With this in mind, I asked my good friend Ivan Leudar to accompany me to Time for a Tanqueray, an evening devised by Manchester’s International Anthony Burgess Foundation (IABF) to sample the alcoholic and culinary delights found in Burgess’s archive. After extensive research the organisation produced a selection of canapés drawn from descriptions of meals in Burgess’s books, which were beautifully prepared by resident chef, Lucy Flippance. Copious plates full of devilled eggs and mushrooms were followed by lettuce-wrapped Waldorf salads inbetween trays of colourful gin-based cocktails mixed with silky skill by Vivian Pencz and her team.

Time for a Tanqueray - an evening of literature and gin, International Anthony Burgess Foundation, Manchester Found in recipe notes in Burgess’s own hand, they consisted of the Jagged Flash, a dark mixture of sherry, gin, Benedictine and fresh limes tasting of smoky rooms, long dinners and literary tales. It was followed by Amber Gleam – a fine drink of gin, brandy, apricot brandy and orange juice that could be drunk in dusky evenings after dinner or sunny mornings before breakfast. Exotically emerald, the China Sea consisted of gin, brandy, angostura and crème de menthe. Served in martini glasses, it could have come with white dinner jackets, silk ball gowns and a cool sea breeze with just a hint of sex.

We were treated to a jazzy piano score by Tom Barber as well as two excellent talks by Ian Carrington and Emma Major.
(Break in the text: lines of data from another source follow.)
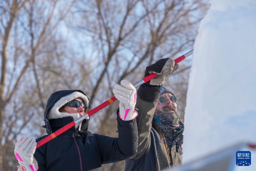 1月6日,在第28届中国·哈尔滨国际雪雕比赛现场,参赛选手创作间隙拍照留影。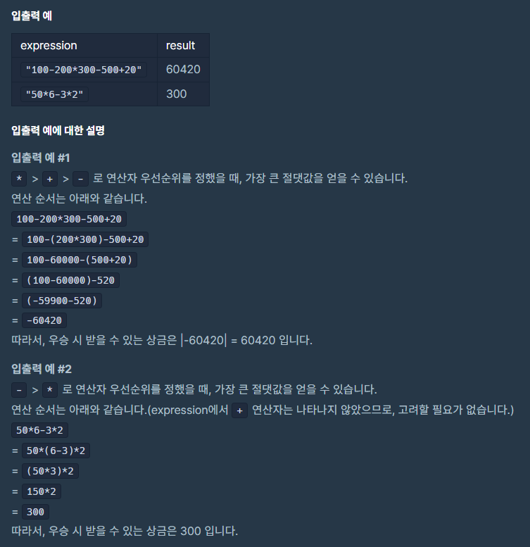 해당 문제는 각 +, -, * 연산자의 우선순위에 따라 수식을 계산한 결과 중 절댓값이 가장 큰 값을 출력하는 문제이다.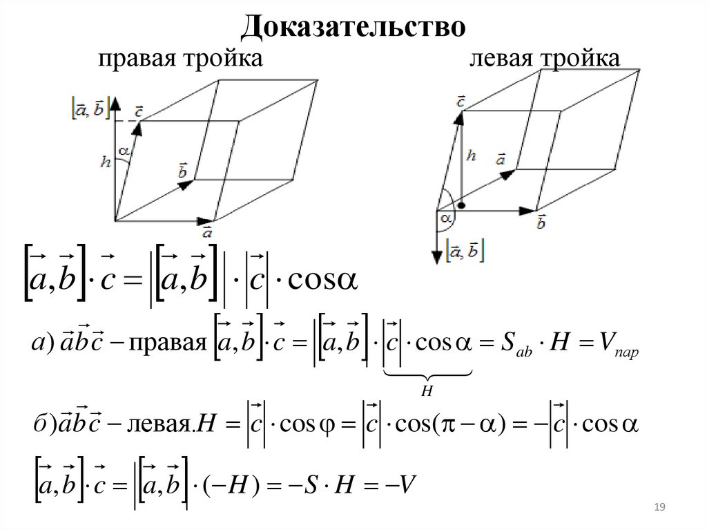 а) ab c правая a, b c a, b c cos S ab H Vпар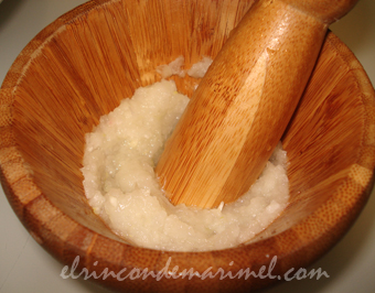 Para la masa del kibbeh , picamos con el cuchillo una de las cebollas y la colocamos en un mortero. Añadimos sal, pimienta y un poco de mantequilla fría. Con paciencia, vamos machacando hasta conseguir una pasta o puré (foto 2ª) . Reservamos. En el mismo mortero machacamos los trozos de cordero, hasta convertirla igualmente en una pasta.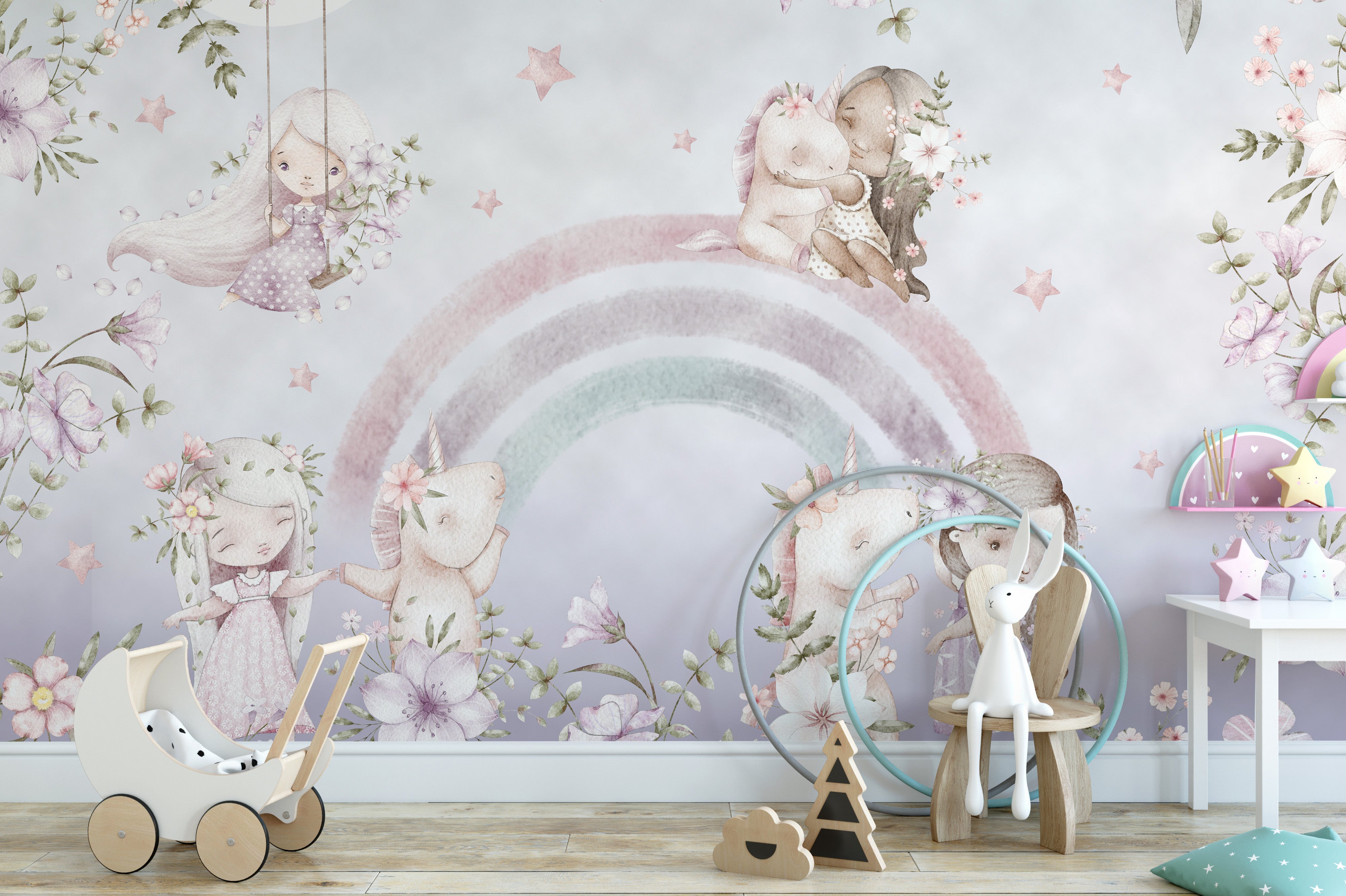 Kids' pastel rainbow wallpaper featuring fairytale unicorns.

Carrington regaled us with details of Burgess’s own relation with drink – the author’s father was a pub piano player and his mother ran a pub and an off license in Moss Side. I remember, in the late 1980s, having a pint in a pub on Alexandra Road commonly known as the ‘Little Alex’. It is no longer there but it did provide Burgess with the name of the protagonist in A Clockwork Orange. A shopping list from the archive highlights a crate of gin on his weekly shop and, as was pointed out, weekly not fortnightly.
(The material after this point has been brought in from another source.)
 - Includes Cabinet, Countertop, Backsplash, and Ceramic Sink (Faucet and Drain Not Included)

Time for a Tanqueray - an evening of literature and gin, International Anthony Burgess Foundation, Manchester Emma Major from York University treated us to an all too short glimpse into the history of gin in England from William Hogarth’s Gin Lane to Old Tom, the latter being the first recorded vending contraption in which you inserted your coin into the mouth of a wooden cat and the appropriate measure of gin came out of its tail. The evening was completed with a short witty intro by Andrew Biswell (director of IABF) to a rare recording of Burgess singing what he claimed to be a popular pub song, although Biswell admitted that no hearsay evidence of this could be found.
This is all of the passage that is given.